━━━━━ RECORDS FOR THE EXERCISE

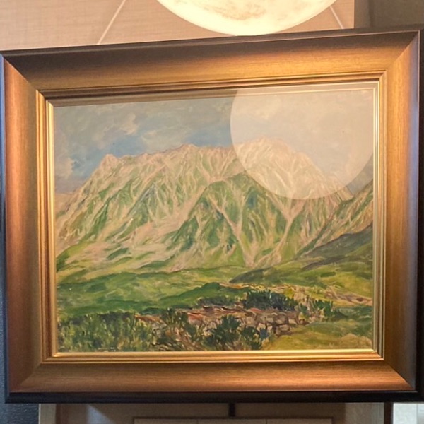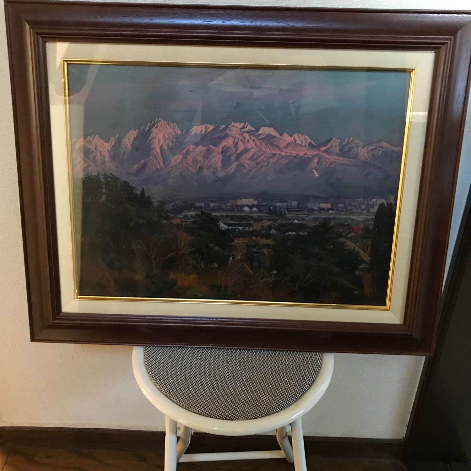 夕映えの立山連峰と立山(雄山)です。プレゼント用に購入しました。色合いもピッタリで喜んで頂きました。
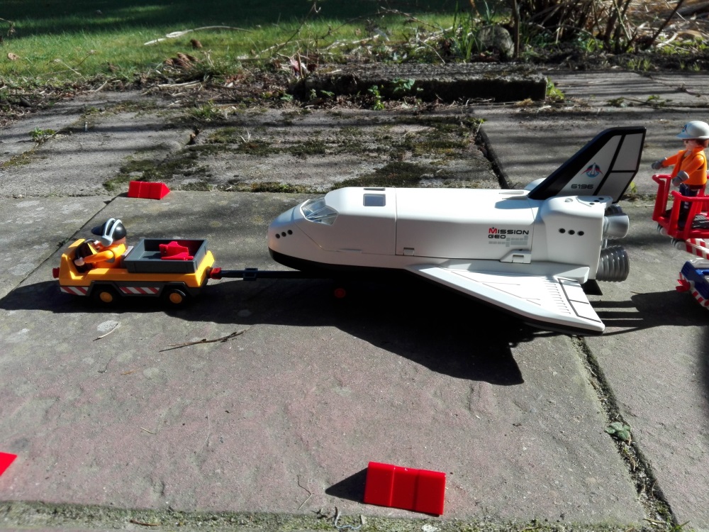 Einige Stunden später wird das Shuttle dann zurück zum Hangar geschleppt.
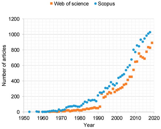 Number of published articles in Scopus (http://www.scopus.com), and Web of Science (https://clarivate.com/products/web-of-science/) from 1950–2018 using the term ”β-glucan“ in article titles, abstracts, and key words.
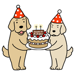 ゴールデンレトリバーのスタンプ第12弾です。子犬の妹が加わりさらに賑やかになりました。猫もいます。
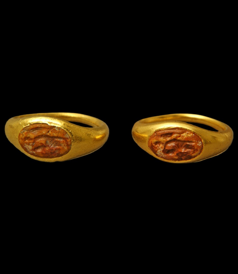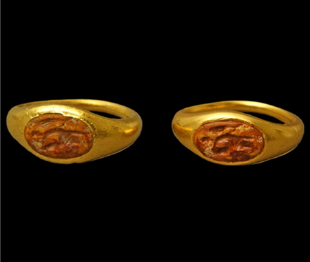 Original gold signet ring (Au 130).Gilded silver replica, from a gold signet ring (Au 130).Signet ring, gold original (Au 130) and silver gilded replica.Museum of the Municipal Community of Batalha
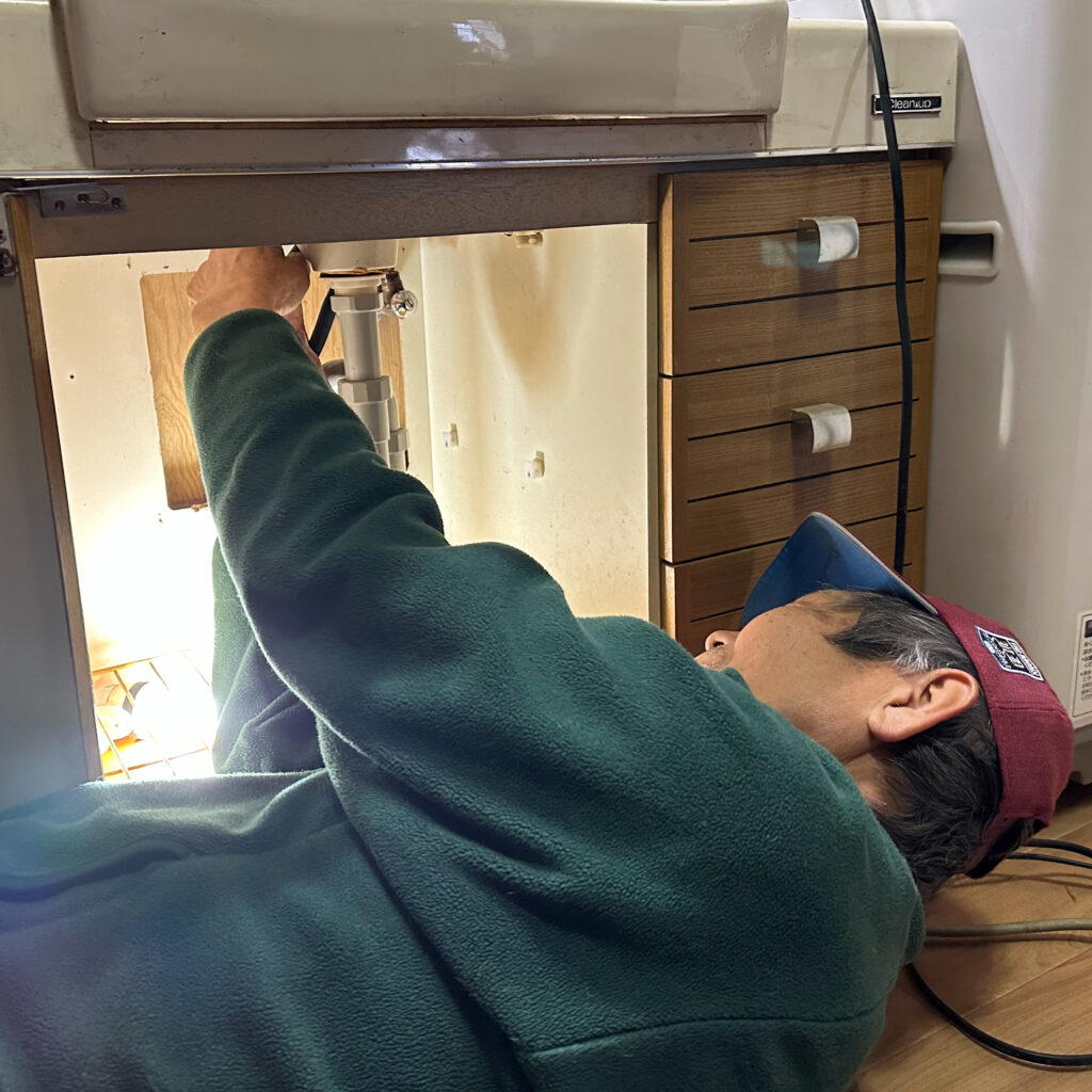 床作業で一度外し修理した洗面台の水配管はその後配管表面にじんわり水が滲んでおり、注意深く確認したところ、修理した反対側差込み接続部からが原因とわかり、結局配管ごと交換することに。作業スペースがなく、なかなか手強い。
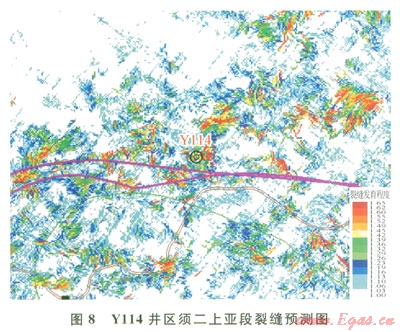 結合鉆井測試資料驗證性分析(7),工業(yè)氣井主要分布在以高孔砂巖為主的水下分流河道,微氣井或干井主要分布于以泥巖為主的水下分流間灣,地震預測與鉆井成果吻合較好。僅Yll4井位于水下分流間灣,但該井在須二上亞段產工業(yè)氣流,究其原因:①鄰近水下分流河道;②該區(qū)儲層為裂縫孔隙型,鉆井產能的高低與高孔砂巖及裂縫的發(fā)育程度均密切相關,針對井區(qū)地震裂縫預測結果顯示,該層段裂縫發(fā)育,提高了儲層滲流能力(8)。
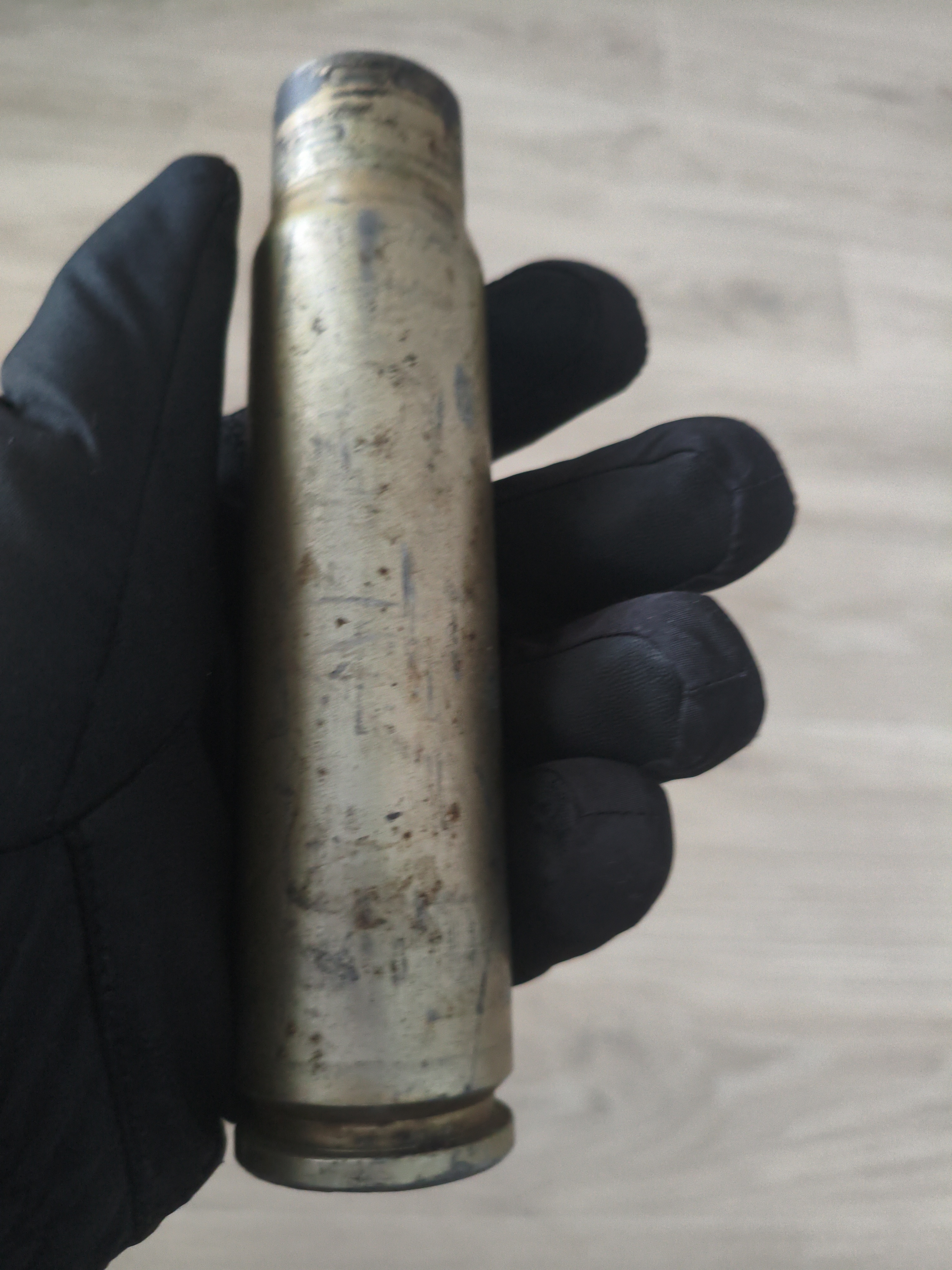 A dummy version of 30mm round famously used in the A-10 Warthog, which fires 370~ gram projectiles similar to these at roughly 3,900 rounds per minute at 3,300 feet per second. This gun is known for it’s signature “brrrt” sound, and is used as CAS against both infantry and armored targets. Below is a picture of an unmounted gun next to a Volkswagen Beetle for a comparison of size.
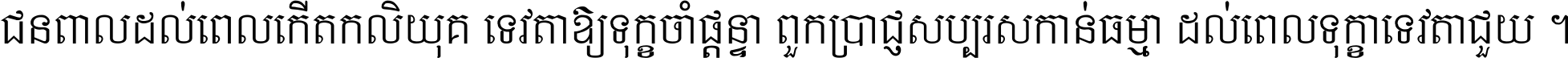 ជនពាល​ដល់​ពេល​កើត​កលិយុគ ទេវតា​ឲ្យ​ទុក្ខ​ចាំ​ផ្ដន្ទា ពួក​ប្រាជ្ញ​សប្បរស​កាន់​ធម្មា ដល់​ពេល​ទុក្ខា​ទេវតា​ជួយ ។
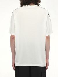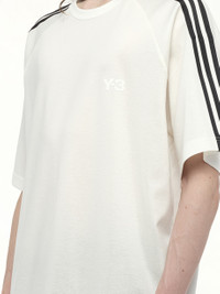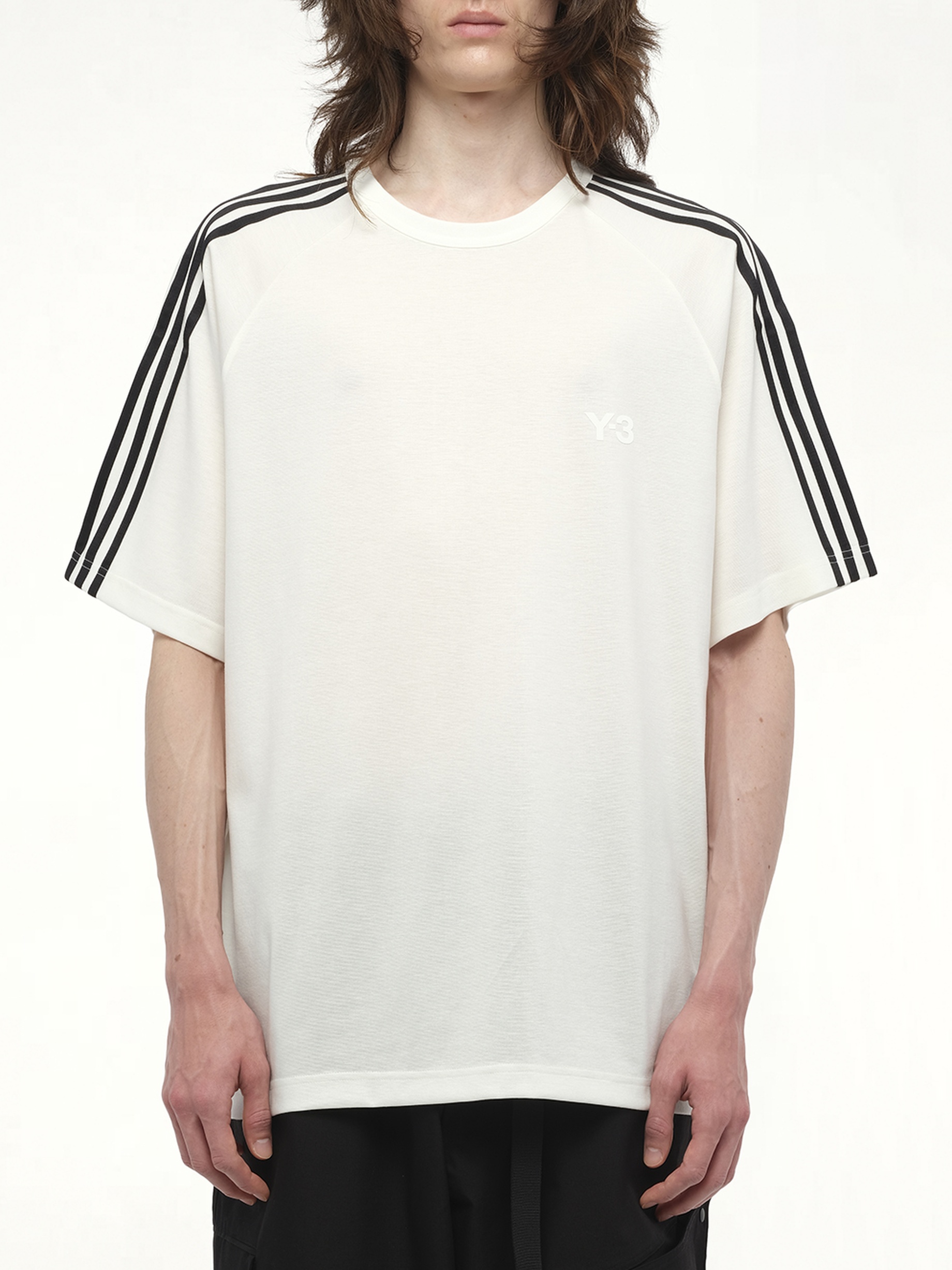 Y-3's Wire Stripe Short Sleeve T-Shirt in White offers a modern twist on a classic design, featuring subtle wire stripe detailing for a unique look. Perfect for any casual occasion, this t-shirt effortlessly combines style and comfort. - Composition: 63%Lyocell-Tencel/16%Pa6/16%Wool-Sheep/5%Elastane - Short sleeve design - Wire stripe detailing - Relaxed fit - Versatile white color - Signature Y-3 branding Model is 187 cm and wears size M SKU: JY8187
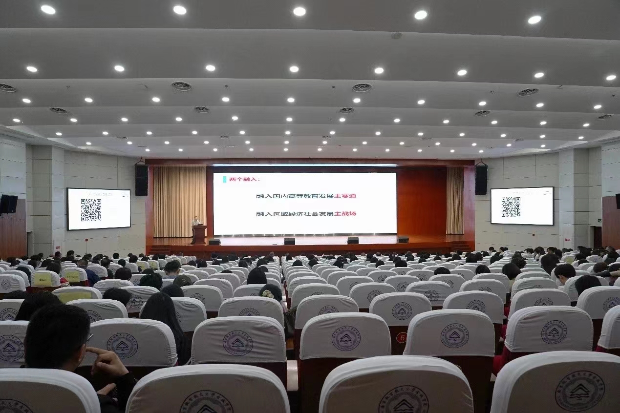 为进一步提升我校本科人才培养方案制定的科学性和合理性,将“学生中心、产出导向、持续改进”的理念深入融入人才培养方案的设计和实施中,提升专业建设能力与水平,提高学校本科专业人才培养方案修订质量,顺利推进学校2024版本科专业人才培养方案修订工作,近日,学校举办了OBE理念下专业人才培养方案修订专题讲座。校长陈旭、副校长王萌,各二级学院、教学科研处及相关科室工作人员,各二级学院教师等近300人聆听了讲座。讲座由校长陈旭主持。
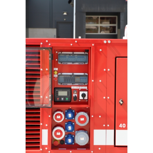 mit KUBOTA-Motor V3800-DIT (super-schallgedämmt)mit elektronischem Drehzahlregler 1500 UpMmit versperrbarer Schalttafelabdeckung und Sichtfenstermit DSE 4520 Automatiksteuermodulmit BENDER Isolationsüberwachung 2 Stufig (Stufe 1 47kOhm, Stufe 2 23 kOhm) Stufe 1 Warnung optisch und akustisch Stufe 2 Warnung und Abschaltungmit Betriebsartenwahlschalter für Umschaltung Anlagenversorgung (TN) Direktversorgung (IT)Steckdosenbestückung: 1x 63A 400Volt 1 Uhr für Anlagenversorgung 1x 63A 400Volt 6 Uhr für Direktversorgung 1x 32A 400Volt 6 Uhr für Direktversorgung 1x 16A 400Volt 6 Uhr für Direktversorgung 3x Schuko 230Volt für Direktversorgung alle Steckdosen einzeln abgesichert alle Steckdosen IP 67mit Erhaltungsladegerät eingebaut samt außenliegendem Anschlussmit dichter Bodenwannemit Tankfüllstandssensor und Anzeige auf Steuermodulmit innenliegendem Tankdeckel mit Entlüftung
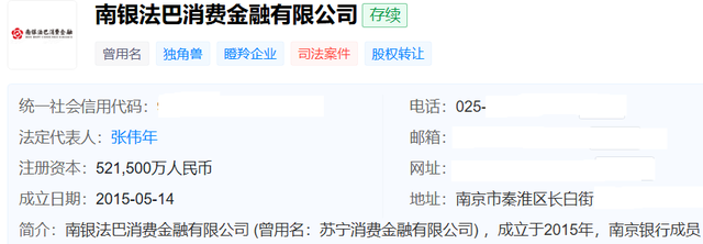 天眼查显示,南银法巴消金成立于2015年5月14日,注册资本为52.15亿元,目前的法定代表人是张伟年。
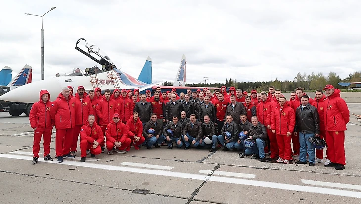 Далее сборная отправилась на военный аэродром в Кубинке, где летные группы «Стрижи» и «Русские витязи» исполняли фигуры высшего пилотажа после возвращения с парадов на Красной площади в Москве и других городах России. После приземления экипажей хоккеисты, тренеры, персонал и руководство команды пообщались с пилотами и посидели в кабинах самолетов.

━━━━━━━━━━

PROBLEM TO SOLVE
Write out word for word the lines above that run from the one with "床作業で一度外し修理した洗面" to the one with "Y-3's Wire Stripe". Include both end lines; exclude the images.

ANSWER SPACE
 床作業で一度外し修理した洗面台の水配管はその後配管表面にじんわり水が滲んでおり、注意深く確認したところ、修理した反対側差込み接続部からが原因とわかり、結局配管ごと交換することに。作業スペースがなく、なかなか手強い。
 結合鉆井測試資料驗證性分析(7),工業(yè)氣井主要分布在以高孔砂巖為主的水下分流河道,微氣井或干井主要分布于以泥巖為主的水下分流間灣,地震預測與鉆井成果吻合較好。僅Yll4井位于水下分流間灣,但該井在須二上亞段產工業(yè)氣流,究其原因:①鄰近水下分流河道;②該區(qū)儲層為裂縫孔隙型,鉆井產能的高低與高孔砂巖及裂縫的發(fā)育程度均密切相關,針對井區(qū)地震裂縫預測結果顯示,該層段裂縫發(fā)育,提高了儲層滲流能力(8)。
 A dummy version of 30mm round famously used in the A-10 Warthog, which fires 370~ gram projectiles similar to these at roughly 3,900 rounds per minute at 3,300 feet per second. This gun is known for it’s signature “brrrt” sound, and is used as CAS against both infantry and armored targets. Below is a picture of an unmounted gun next to a Volkswagen Beetle for a comparison of size.
 ជនពាល​ដល់​ពេល​កើត​កលិយុគ ទេវតា​ឲ្យ​ទុក្ខ​ចាំ​ផ្ដន្ទា ពួក​ប្រាជ្ញ​សប្បរស​កាន់​ធម្មា ដល់​ពេល​ទុក្ខា​ទេវតា​ជួយ ។
 Y-3's Wire Stripe Short Sleeve T-Shirt in White offers a modern twist on a classic design, featuring subtle wire stripe detailing for a unique look. Perfect for any casual occasion, this t-shirt effortlessly combines style and comfort. - Composition: 63%Lyocell-Tencel/16%Pa6/16%Wool-Sheep/5%Elastane - Short sleeve design - Wire stripe detailing - Relaxed fit - Versatile white color - Signature Y-3 branding Model is 187 cm and wears size M SKU: JY8187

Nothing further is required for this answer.